CORRESPONDANCE - Année 1768 - Partie 7

Publié le par loveVoltaire

CORRESPONDANCE - Année 1768 - Partie 7

Photo de PAPAPOUSS

 

 

 

 

 

à M. le comte d’Argental.

 

6 Février 1768.

 

 

          Mon cher ange, mon gendre m’apporte votre lettre ; il est enchanté de vos bontés, et moi je suis désespéré. M. le duc de Choiseul s’est déclaré violemment contre les Sirven, après m’avoir promis qu’il serait leur protecteur. Mais le Repas dont vous me parlez me fait encore plus de peine.

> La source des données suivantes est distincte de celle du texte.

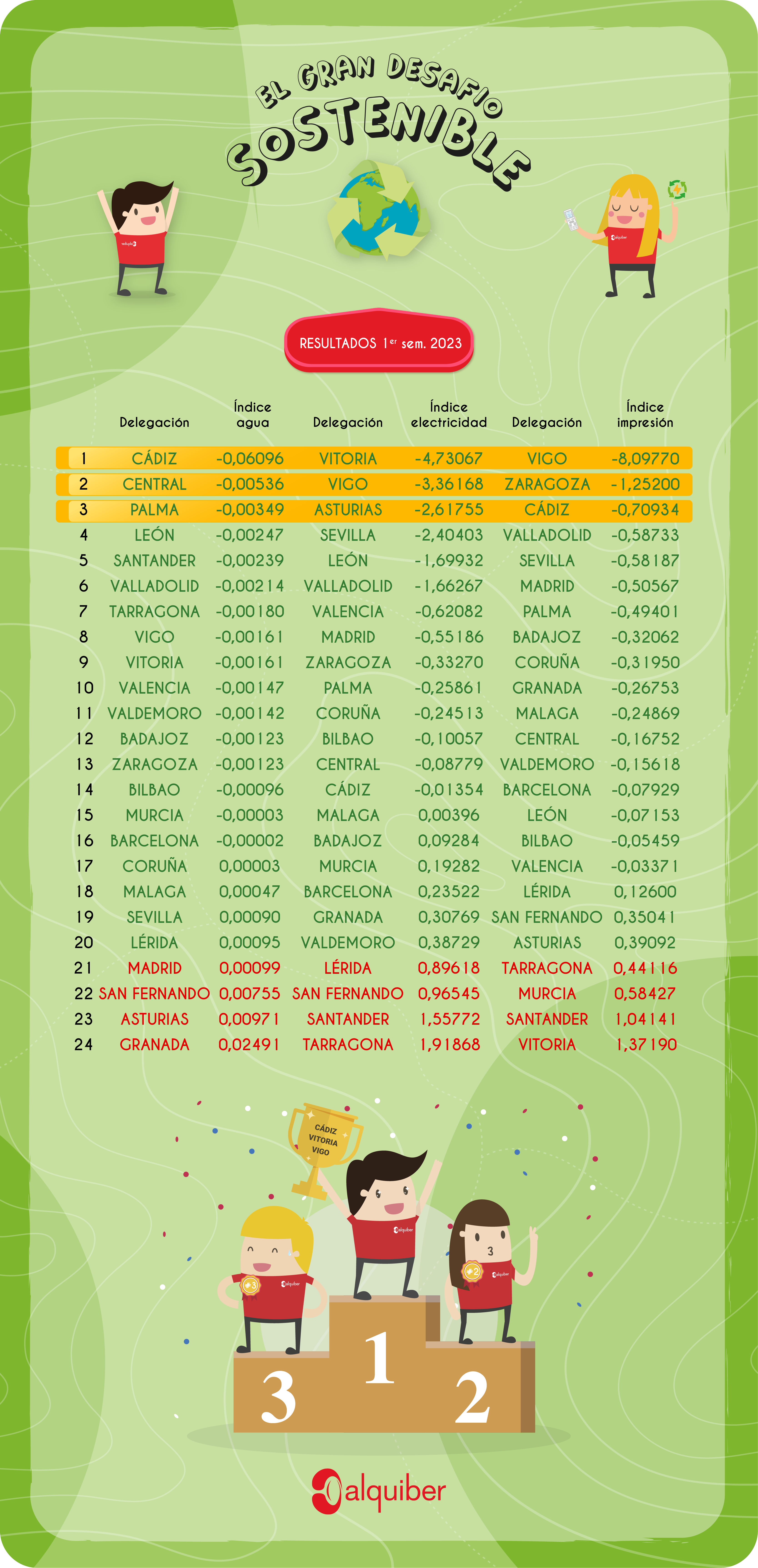 Desde el Departamento de Calidad, es un placer anunciar que tenemos los resultados finales del segundo semestre 2023 de “El gran desafío sostenible”. ¡Ha sido un período emocionante lleno de esfuerzo y compromiso por parte de todas las delegaciones!

Saint-Hyacinthe était, à la vérité, un sot dans la conversation, mais il écrivait bien, il a fait de bons journaux, et il y a de lui un Militaire philosophe, imprimé depuis peu en Hollande, lequel est ce qu’on a fait peut-être de plus fort contre le fanatisme ; le Dîner a été imprimé sous son nom : pourquoi donc l’attribuer à une autre personne ? Cela est injuste et barbare : il y a plus, cela est très dangereux et d’une conséquence affreuse. On est déchaîné de tous les côtés ; on cherche l’ouvrage de Saint-Hyacinthe pour le faire brûler. M. Suard est l’homme du monde le plus capable de détourner des soupçons odieux qui perdraient un vieillard aimé de vous, et rempli pour vous de la tendresse la plus inaltérable.

 

          Vous ai-je prié de persuader M. Suard ? Non ; je vous ai supplié de l’engager à rendre un service digne d’un honnête homme. Il n’importe pas qu’on accuse les morts, mais il importe beaucoup qu’on n’accuse pas les vivants. Que vous coûterait-il de prier M. Suard de passer chez vous, et de l’engager à rendre ce service ? Je vous le demande au nom de l’amitié. Les personnes avec lesquelles vous vivez en intimité croiront ce qu’elles voudront ; je suis bien sûr qu’elles ne me feront pas de mal ; mais les autres peuvent en faire beaucoup.

 

          La poste va partir. Je n’ai que le temps de vous dire combien il est nécessaire qu’on ne me calomnie point auprès du roi et que M. Suard et M. l’abbé Arnaud, que je vous crois attachés, empêchent qu’on ne me calomnie dans la ville. Je vous embrasse avec la plus vive tendresse.

 

 

 

 

 

à M. de Chenevières. (1)

 

 

 

 

          Je vous prie, mon cher ami, de faire rendre sur-le-champ cette lettre à M. de Taulès.

 

          Voici un petit ouvrage (2) d’un commis des finances, que je vous prie de faire lire à ceux qui savent calculer. Mandez-moi si les calculs sont justes ; car je ne m’y connais pas.

 

 

1 – Editeurs, de Cayrol et A. François. (G.A.)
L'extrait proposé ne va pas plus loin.